🔎 Redutor na tributação de imóveis: o novo elemento que muda o jogo na Reforma Tributária

🔎 Redutor na tributação de imóveis: o novo elemento que muda o jogo na Reforma Tributária


A Reforma Tributária (EC 132/2023 e LC 214/2025) trouxe uma novidade pesada para o mercado imobiliário: o chamado redutor de ajuste  um mecanismo criado para calibrar a não cumulatividade do IBS e da CBS nas operações com imóveis.

A ideia é simples no papel: o imposto deve incidir apenas sobre a valorização real do imóvel nas vendas feitas a partir de 31/12/2026. Na prática, porém, o cálculo levantou um baita debate jurídico.

⚙️ Como o redutor funciona?

Para garantir neutralidade nas cadeias imobiliárias, o redutor reduz a base de cálculo do IBS/CBS nas alienações feitas por contribuintes do regime regular.
Mas o ponto polêmico está aqui: qual é o “valor inicial” que deve ser usado nesse redutor?

A LC 214/2025 traz dois artigos que geraram interpretações conflitantes:

🔹 Art. 257, §4º, I:

O redutor mantém sempre o mesmo valor inicial, corrigido pelo IPCA, em vendas entre contribuintes.

🔹 Art. 258, III:

Para imóveis comprados a partir de 01/01/2027, o valor inicial seria o valor de aquisição pelo comprador.

Resultado?
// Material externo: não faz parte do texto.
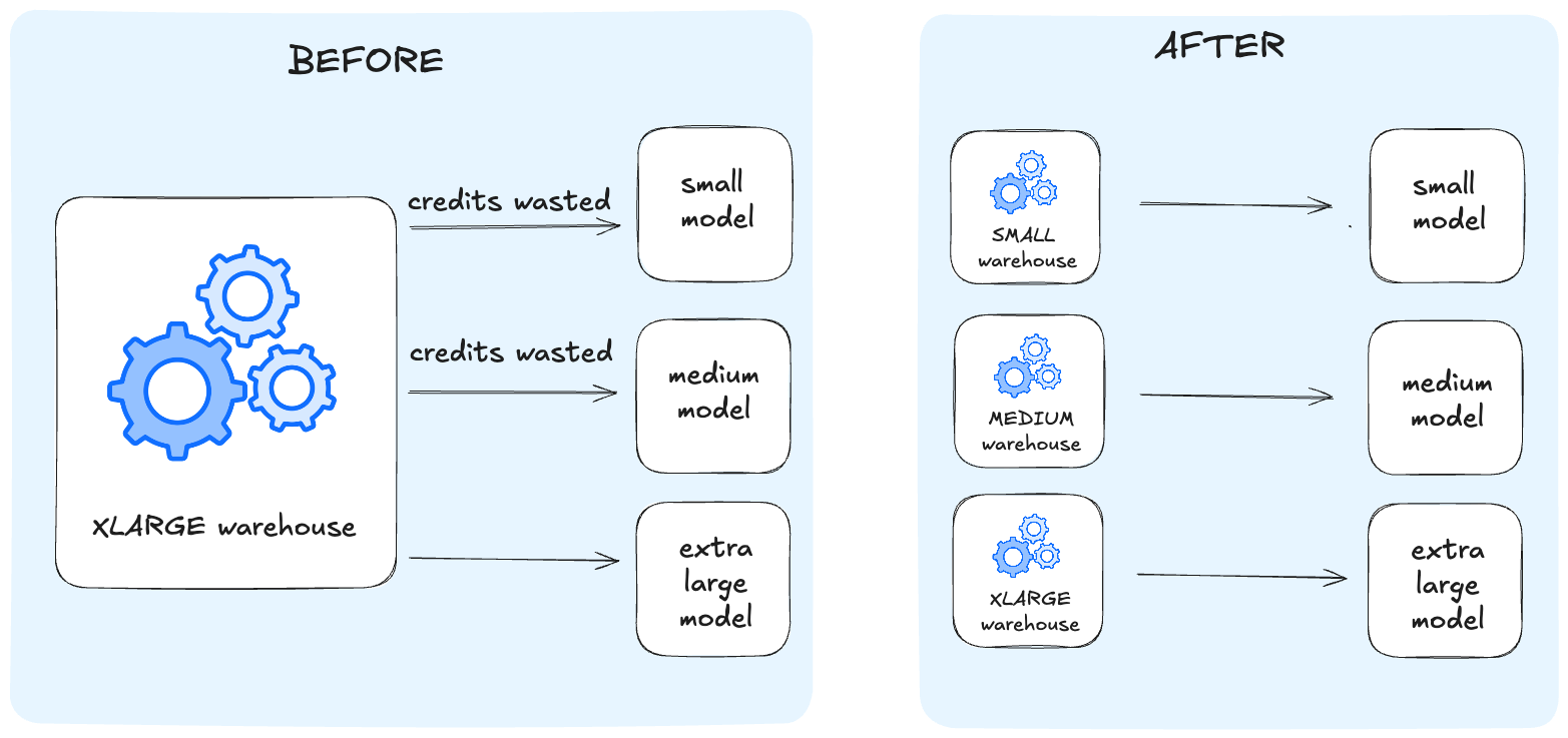 By sizing compute to the real workload of each model, Scott kept his dbt build performant without overspending.

Juristas dividiram-se em duas teses.

⚖️ Duas leituras possíveis e um exemplo que entrega o problema

Imagine o seguinte:

✅️João comprou um imóvel por R$ 1 milhão.
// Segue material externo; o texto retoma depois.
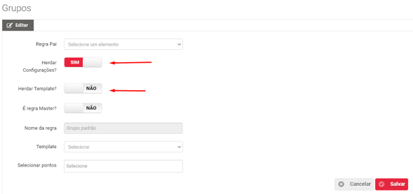 É regra master? -> Se você selecionar esta opção, estará indicando que este é um grupo pai por padrão e que terá outros grupos filhos atrelado a ele.
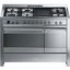 Устройства с тремя духовками также имеют один основной и две дополнительных шкафа разного объема: например, плиты Bertazzoni оснащены большой духовкой объемом 69 литров, средней объемом 54 литра и малой объемом 24 литра. Духовки располагаются в два ряда: две меньшие духовки в одном ряду, большая и ящик для посуды в другом.

✅️Em 2028, vende para Maria por R$ 2 milhões.

✅️Em 2029, Maria vende para Pedro por R$ 3 milhões.

💭 Qual valor Maria deve usar como redutor: R$ 1 milhão ou R$ 2 milhões?

Pela leitura do art. 257, vale sempre o valor inicial: R$ 1 milhão.

Pela leitura do art. 258, para quem compra depois de 2027, valeria o valor pago: R$ 2 milhões.
Essa divergência já aponta para um futuro contencioso tributário.

🛑 E a norma antielisiva?

O art. 258, §5º, limita o redutor ao valor de aquisição (corrigido pelo IPCA) quando:

1️⃣a venda ocorre em menos de 3 anos após a compra;
2️⃣o imóvel foi adquirido de contribuinte;
3️⃣não há comprovação do pagamento de IR ou ITBI.

Essa trava busca impedir operações simuladas para inflar o redutor.
Mas ela também reforça que o valor-base não sobe a cada venda, apenas se corrige pelo IPCA salvo exceções.

🎯 Interpretação mais sólida hoje

A análise conjunta dos dispositivos mostra que o legislador quis manter:

✅️um redutor fixado na primeira alienação,
ajustado somente pelo IPCA,
✅️e modificado apenas quando o imóvel transita por um não contribuinte.

Ou seja, nada de recalcular o valor a cada venda.
Isso preserva estabilidade, previsibilidade e a lógica da não cumulatividade  mesmo que possa gerar distorções em mercados com forte valorização imobiliária.

📌 Conclusão

O redutor de ajuste foi criado para evitar que a tributação imobiliária vire um efeito cascata.
Mas a costura legislativa deixou pontas soltas e teremos debates quentes sobre o “valor inicial”.

Por ora, o entendimento mais consistente é o de que:

✔️ o redutor nasce na primeira alienação;
✔️ é corrigido apenas pelo IPCA;
✔️ acompanha todas as operações subsequentes entre contribuintes.

O mecanismo é mais benéfico que o modelo inicial do PLP 68/2024, mas ainda deixa desafios práticos e jurídicos no ar.